Los Juegos Olímpicos, como los Mundiales, marcaron los veranos de muchos niños que, entre la vieja televisión deportiva y las lluviosas calles de la Ciudad de México, encontraban un lugar lleno de ilusiones: eran días de jugar a ser deportistas.
Los Ángeles 1984 llegaron en una época de enormes divisiones, había un mundo que proponían los rusos, y otro los estadunidenses. En medio, los Juegos funcionaron como un amortiguador del poderoso mensaje de las grandes potencias. El recuerdo que Moscú 1980 dejó en nosotros fue el de un escenario nostálgico y severo donde uno oso lloraba despidiéndose del mundo al clausurar la competencia: esa noche en el Luzhniki, inició la Perestroika que durante la próxima década derribaría el Muro de Berlín.

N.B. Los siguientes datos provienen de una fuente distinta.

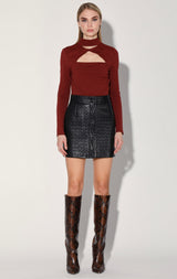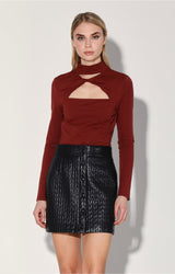 The Shakira Top is a edgy mock collar top with front cut out twist detail! Dress it up with a pencil skirt or wear with jeans for an everyday look.
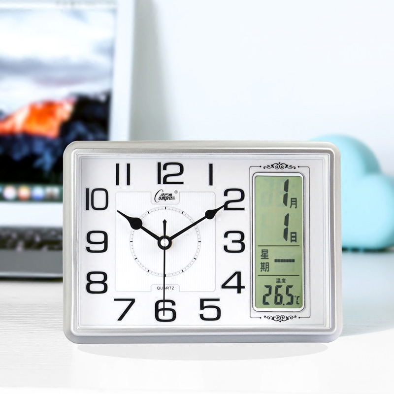 康巴丝万年历座钟客厅卧室静音日历台式 电子表钟表带温度桌面时钟
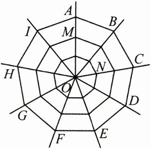 9. (3 分)一个蜘蛛网如图所示, 若多边形 $ ABCDEFGHI $ 为正九边形, 其中心点为点 $ O $, 点 $ M $, $ N $ 分别在射线 $ OA $, $ OC $ 上, 则 $ \angle MON = $
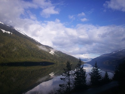 Dam to Dam to Dam 300 The Interior 300k brevet is set for Saturday May 14, 2011 and what a fascinating and challenging ride it ought to be as an in and out ride from Revelstoke past the Revelstoke dam and turning around at the Mica Dam some 150.4km later. The road - all paved, but some parts smoother than others -- parallels the reservoir between the two dams with wonder water views and stunning snow capped peaks of the Monashee mountain range in sight throughout the ride. And riders will have time to take in the views as the motor vehicle traffic appears particularly light. In the 300k pre-ride on Saturday (April 30) which took organizers Bob Goodison and Richard Blair some 15 hours and 25 minutes to complete they were passed by no more than 24 motor vehicles. One concern which ought to draw a rider's attention to the road is the rich variety of wild life encountered: lots of ospreys and bald-head eagles, herds of mule deer, two black bears, a moose which slowed us a tad as it crossed the road, and to top it all was a herd of some 25 mountain caribou who waited until we had a close sight of them before they scampered back into the forest. The challenge to the ride lies in the hills of which there are quite a number. And that should not surprise any randonneur as this is BC after all. The ride starts and finishes where Highway #23 North takes off from the Trans Canada Highway #1, that intersection being located about 500 metres east of the main turnoff into the city of Revelstoke. This is also a ride in which there is very little commercial activity, the only facility where food and drinks are obtainable is the Hydro cafeteria at Mica Creek, some 140 km into the ride. It sells sandwiches, fruit, soft drinks, and other miscellaneous items which they sell at a reasonable cost. Riders will have to pay for their purchases with Karen or Kerri at the office next to the cafeteria. Riders are best advised to carry some food with them. The controls at Wallis Road (75 and 225km) and Mica Dam (150km) will also have some food and water supplies available and the volunteers, Susan and Bob Goodison at Wallis Road and Richard Blair at Mica Dam will carry riders' bags to those points. Go to: Route
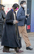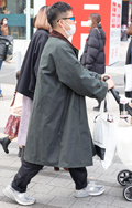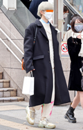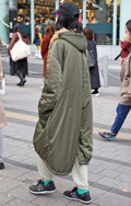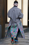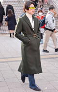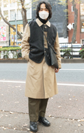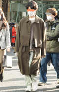 ■ズームアップアイテム定義ひざ下丈の羽織るアウターを着用している男性すべて。色や柄、素材などは問わない。
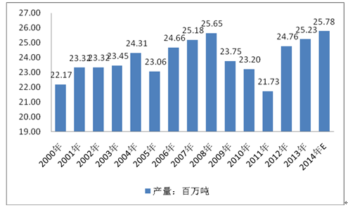 2000-2014年全球高粱(畜牧料)產(chǎn)量:百萬噸
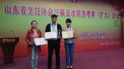 会议表彰2013年度全省烹饪餐饮行业先进集体和先进个人。公司教师王珊珊在山东省第三届烹饪技能大赛暨全国第七届职业技能大赛“面点” 项目比赛中荣获金奖,被授予“山东省富民兴鲁劳动奖章”、“山东省技术能手”、“2013年度山东省烹饪餐饮行业风云人物”及“青年岗位能手”的称号;殷东老师在“冷菜食品雕刻”项目比赛中荣获金奖,被授予“2013年度山东省烹饪餐饮行业风云人物”、“青年岗位能手”的称号。此外,王桂云、邢文君老师,被授予“传承烹饪技艺(餐饮服务)突出贡献奖”的称号。
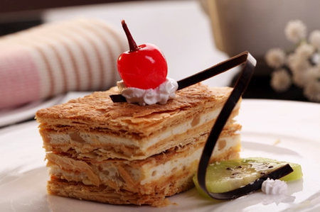 拿破仑蛋糕的法文名为Mille feuille,即有100万层酥皮的意思,所以它又被称为千层酥。
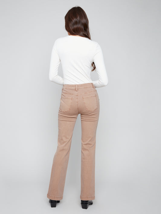 Flare Leg Stretch Twill Pants With Buttons

Cuatro años después en el californiano Memorial Coliseum, un astronauta impulsado por un cohete en su espalda aterriza en el campo encendiendo la inauguración. El Olimpismo arrancó esa tarde una era: a partir de aquí, su cultura formaría parte del espectáculo. Encabezados por Carl Lewis, una conveniente versión de Jesse Owens editada para representar las bondades del capitalismo, Los Ángeles 84 ofreció a millones de niños mexicanos la oportunidad de confirmar esa sensación de triunfo, orgullo y emoción por su país.

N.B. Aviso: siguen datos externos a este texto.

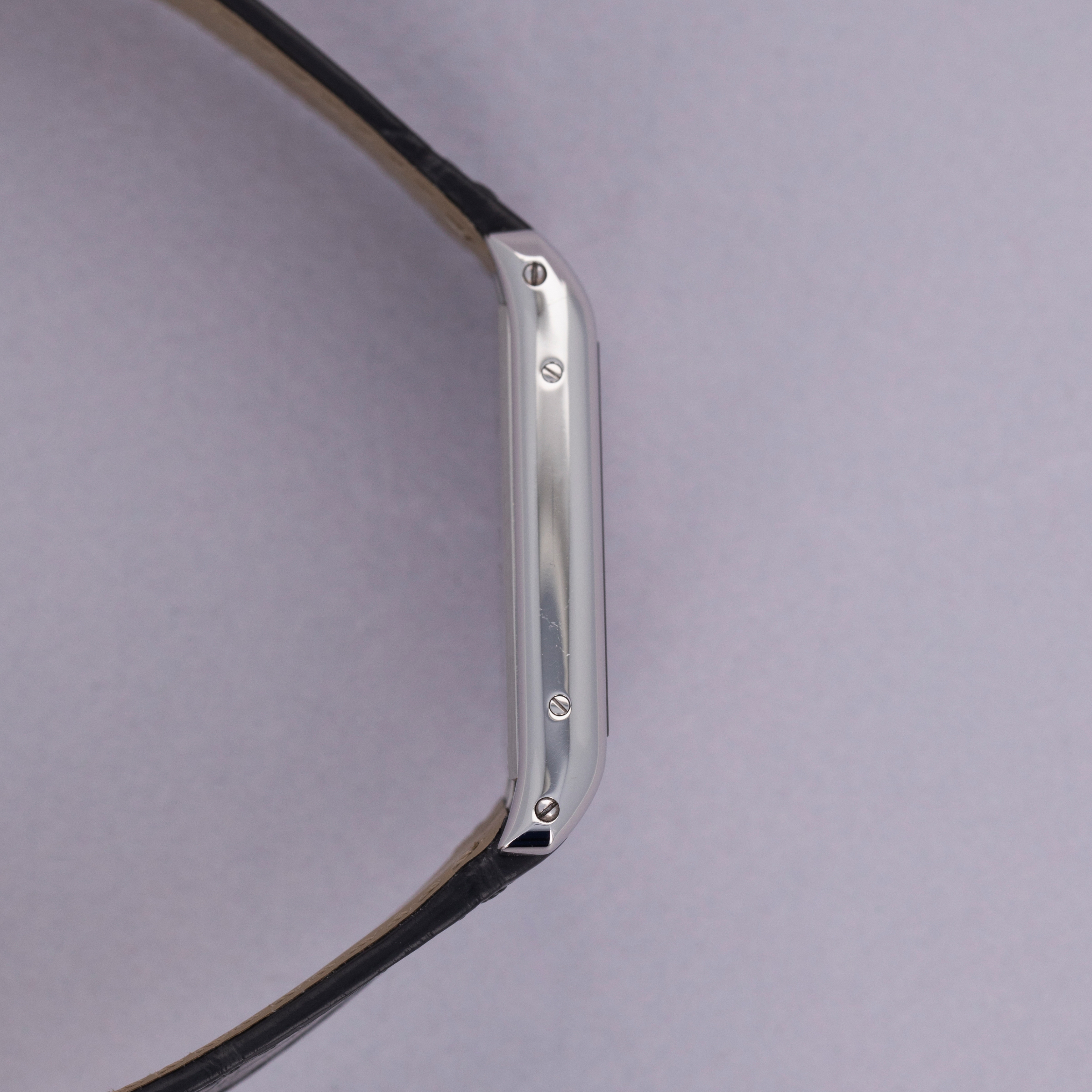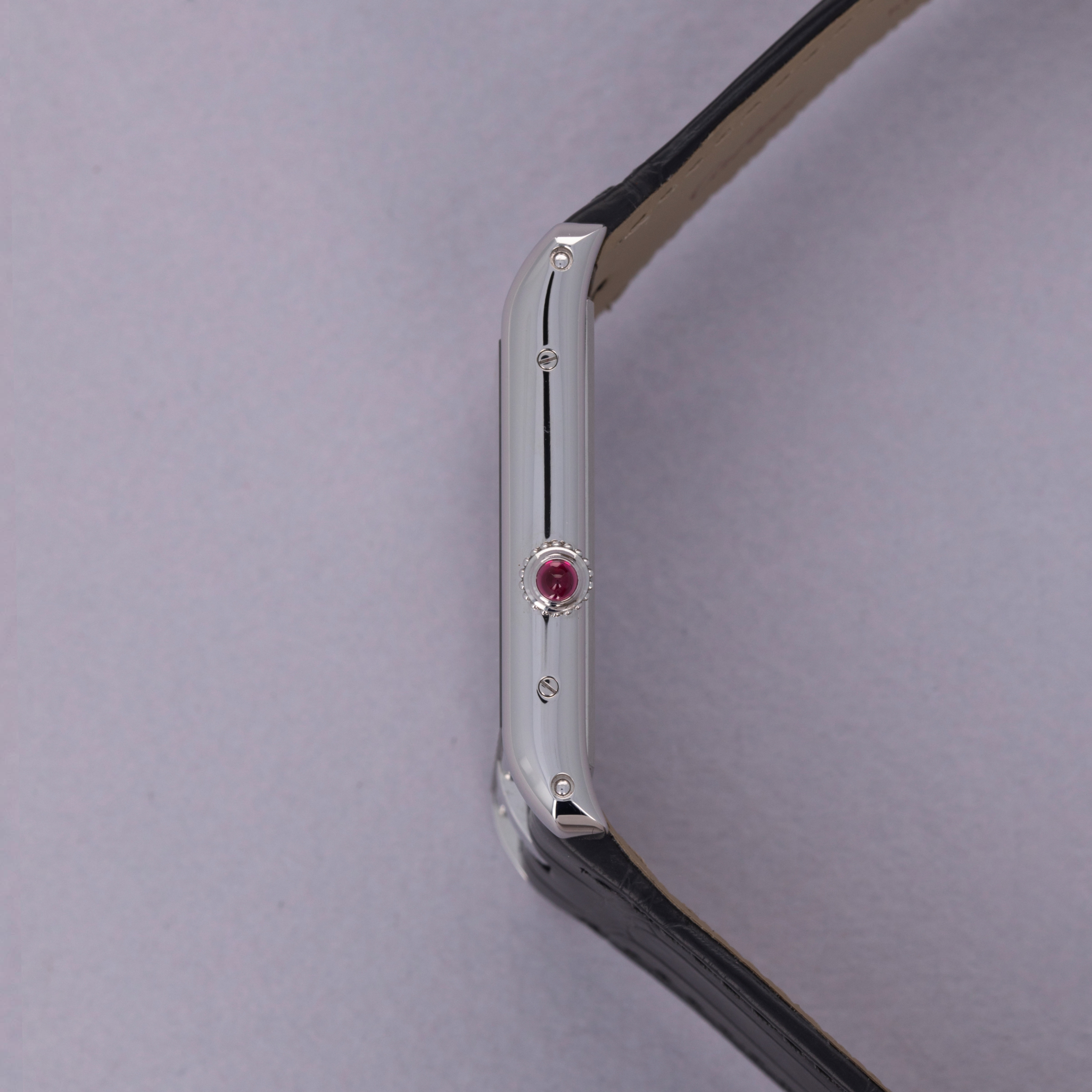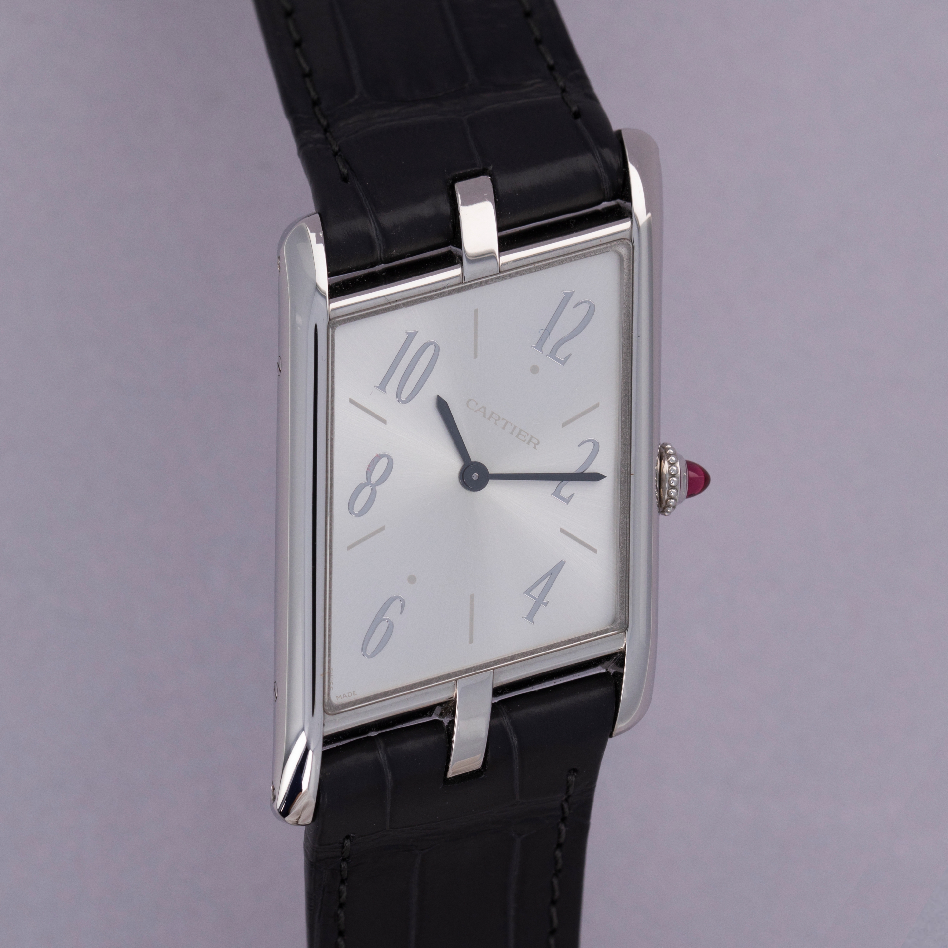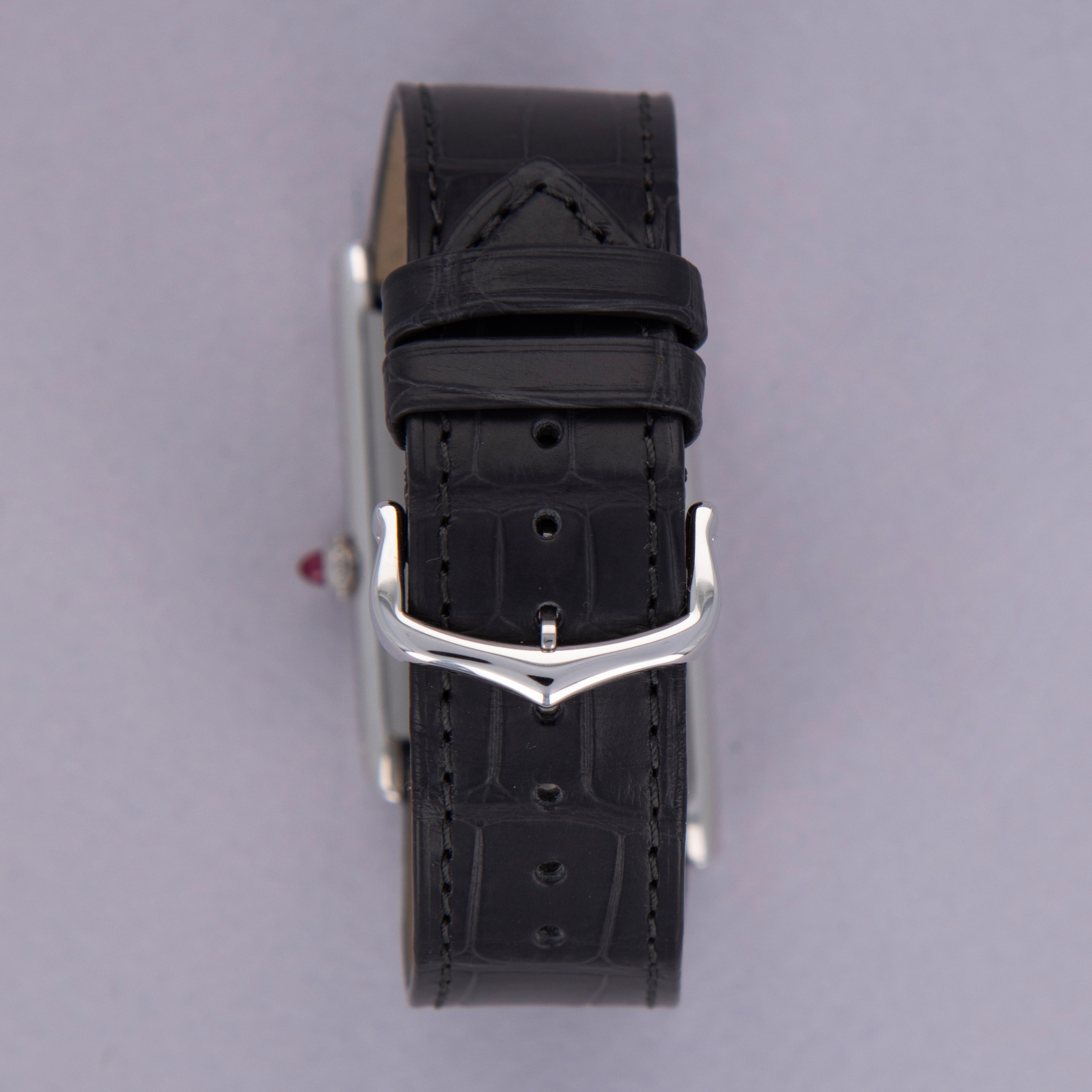 With its angled design, the Tank Asymètrique enables its wearer to read the time quickly and easily while their arms are stretched in front of them, like when holding a steering wheel.

Ninguna imagen causó tanto impacto en el corazón de toda una generación que el estallido de los comentaristas de televisión acompañados por la ovación del estadio cuando los marchistas mexicanos aparecieron por el túnel. Canto, el primero, iba marcando la pista como si de una caminata lunar se tratase: México andaba por terrenos desconocidos.

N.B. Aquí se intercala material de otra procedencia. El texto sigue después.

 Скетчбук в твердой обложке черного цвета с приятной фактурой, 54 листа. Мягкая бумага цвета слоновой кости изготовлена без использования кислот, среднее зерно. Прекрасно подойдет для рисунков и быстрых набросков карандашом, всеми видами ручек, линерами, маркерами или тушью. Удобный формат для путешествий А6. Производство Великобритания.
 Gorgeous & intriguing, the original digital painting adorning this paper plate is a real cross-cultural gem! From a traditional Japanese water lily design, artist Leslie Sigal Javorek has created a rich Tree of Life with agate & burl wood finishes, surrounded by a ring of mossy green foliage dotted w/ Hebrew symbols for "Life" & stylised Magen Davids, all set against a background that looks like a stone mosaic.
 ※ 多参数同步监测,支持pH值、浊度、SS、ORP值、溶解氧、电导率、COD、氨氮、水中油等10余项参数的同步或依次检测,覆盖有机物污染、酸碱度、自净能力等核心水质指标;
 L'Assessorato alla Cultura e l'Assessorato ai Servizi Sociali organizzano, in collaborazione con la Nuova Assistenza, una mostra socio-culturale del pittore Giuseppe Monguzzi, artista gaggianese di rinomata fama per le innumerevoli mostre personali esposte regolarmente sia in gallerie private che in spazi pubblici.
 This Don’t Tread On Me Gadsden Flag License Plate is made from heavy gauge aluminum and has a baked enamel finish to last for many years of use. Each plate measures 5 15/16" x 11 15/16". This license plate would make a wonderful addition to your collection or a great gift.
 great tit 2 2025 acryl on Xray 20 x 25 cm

Momentos después, la sonrisa de Raúl González detrás de su inconfundible bigote, fue iluminando el Coliseo y las pantallas de televisión, mientras Canto cruzaba la meta. Aquella sensación, solo comparable con el triunfo de Valenzuela contra Yanquis en la Serie Mundial y los primeros goles de Hugo Sánchez con el Atlético de Madrid, cambiaron para siempre nuestra forma de vivir el deporte.